# WHAT IS EXPECTED
The entries below should be repeated exactly, with no pictures carried over.

'''

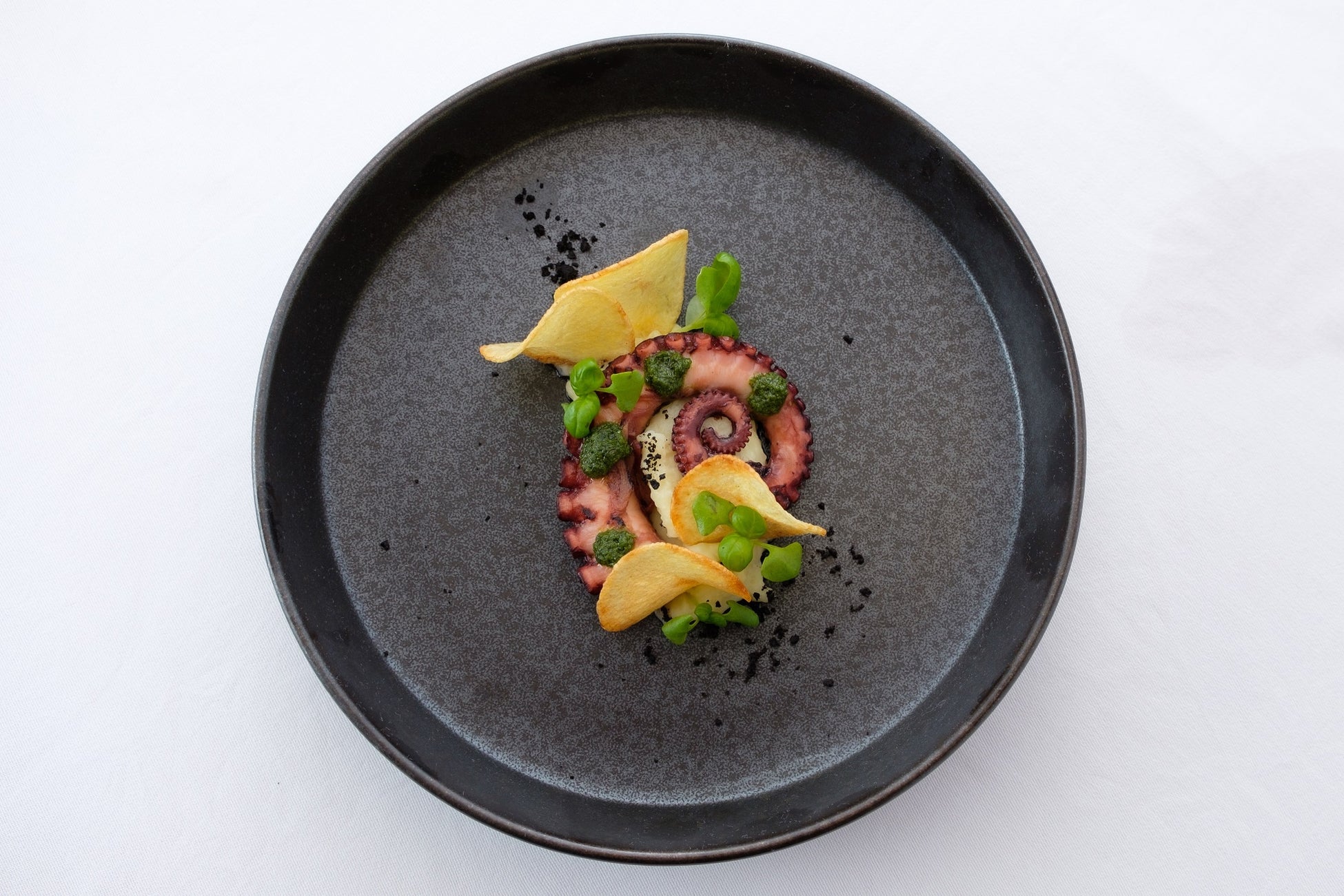 柔らかく煮た大分県産の蛸と合わせるのは、自家製バターを加えた新ジャガイモのピュレと、バジル、松の実、オリーブオイルで作ったジェノヴェーゼソース。
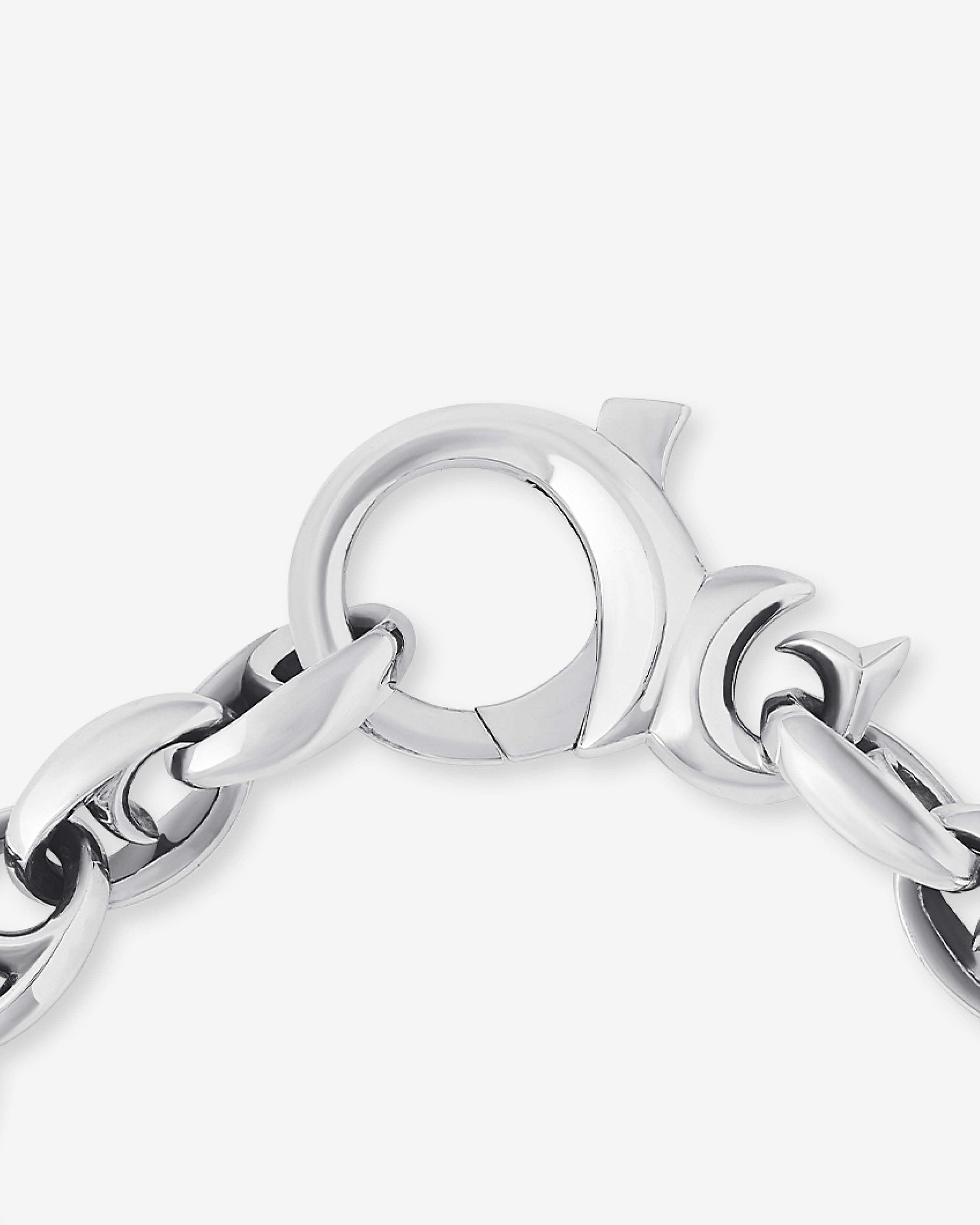 • Close-up detail of the thorn-inspired medium oval links and polished sterling silver finish on Stephen Webster bracelet
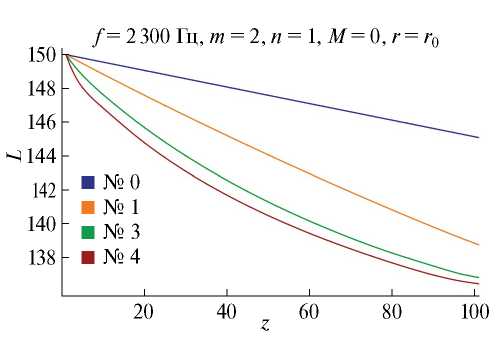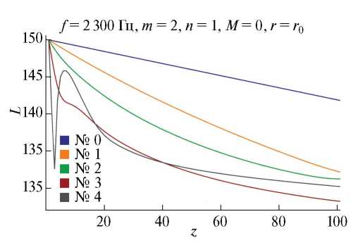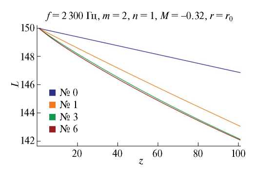 где ζm,n – n-й по порядку корень характеристического уравнения (8) с адмиттансом β0(L0). Данная мода будет иметь некоторое затухание при распространении по каналу, приводящее к снижинию уровня звукового давления в канале. Обозначим через L1(z) = 20lg(pm,n(z)/(2 × 10–5)) вычисленную согласно (9) зависимость уровня звукового давления от осевой координаты на стенках канала. Далее определим адмиттанс β1(L1(z)) вдоль оси канала и определим параметр ε:
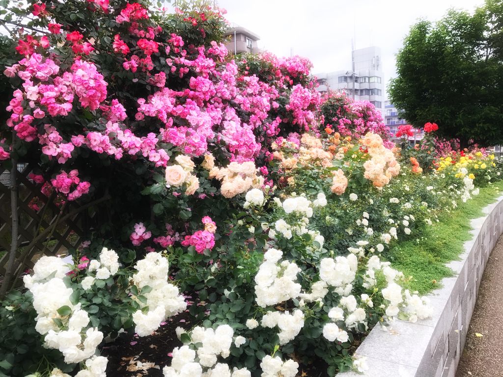 「じゃ、歩きますか!」ということで、結局向ヶ丘遊園駅から15分ばかり歩いていくことになりました。いろいろとたらい回しのようなことがここまで起きましたが、これも何かの調整があるなと思いつつ歩いていくと、川沿いに夢のような「薔薇園」を発見しました! これが待っていたか!!!
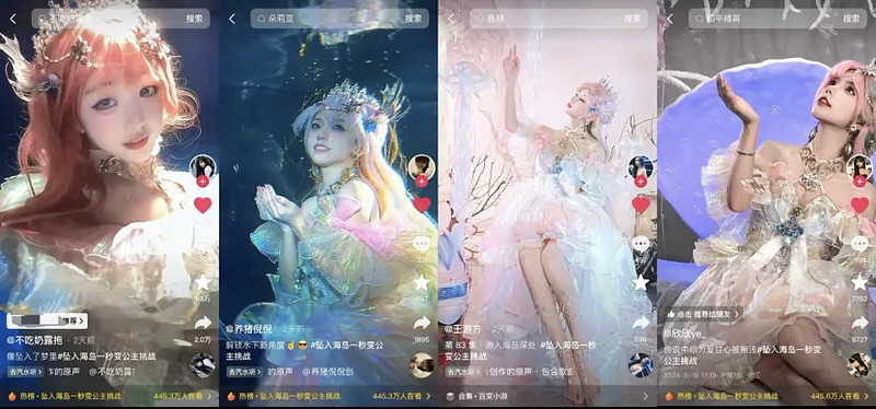 这些人是电竞、校园、二次元以及职场圈很有辨识度的优秀女性,进一步加深了特定领域对“梦海之灵”、“公主”、“女生优选pick”的认知。而PEL官方主持人王游方、演员养猪倪倪,颜值博主欣欣ye、头部网红不吃奶露拖等更多圈层的优秀女性KOL更是集体参与#坠入海岛一秒变公主挑战。

'''

# WRITTEN SOLUTION
 柔らかく煮た大分県産の蛸と合わせるのは、自家製バターを加えた新ジャガイモのピュレと、バジル、松の実、オリーブオイルで作ったジェノヴェーゼソース。
 • Close-up detail of the thorn-inspired medium oval links and polished sterling silver finish on Stephen Webster bracelet
 где ζm,n – n-й по порядку корень характеристического уравнения (8) с адмиттансом β0(L0). Данная мода будет иметь некоторое затухание при распространении по каналу, приводящее к снижинию уровня звукового давления в канале. Обозначим через L1(z) = 20lg(pm,n(z)/(2 × 10–5)) вычисленную согласно (9) зависимость уровня звукового давления от осевой координаты на стенках канала. Далее определим адмиттанс β1(L1(z)) вдоль оси канала и определим параметр ε:
 「じゃ、歩きますか!」ということで、結局向ヶ丘遊園駅から15分ばかり歩いていくことになりました。いろいろとたらい回しのようなことがここまで起きましたが、これも何かの調整があるなと思いつつ歩いていくと、川沿いに夢のような「薔薇園」を発見しました! これが待っていたか!!!
 这些人是电竞、校园、二次元以及职场圈很有辨识度的优秀女性,进一步加深了特定领域对“梦海之灵”、“公主”、“女生优选pick”的认知。而PEL官方主持人王游方、演员养猪倪倪,颜值博主欣欣ye、头部网红不吃奶露拖等更多圈层的优秀女性KOL更是集体参与#坠入海岛一秒变公主挑战。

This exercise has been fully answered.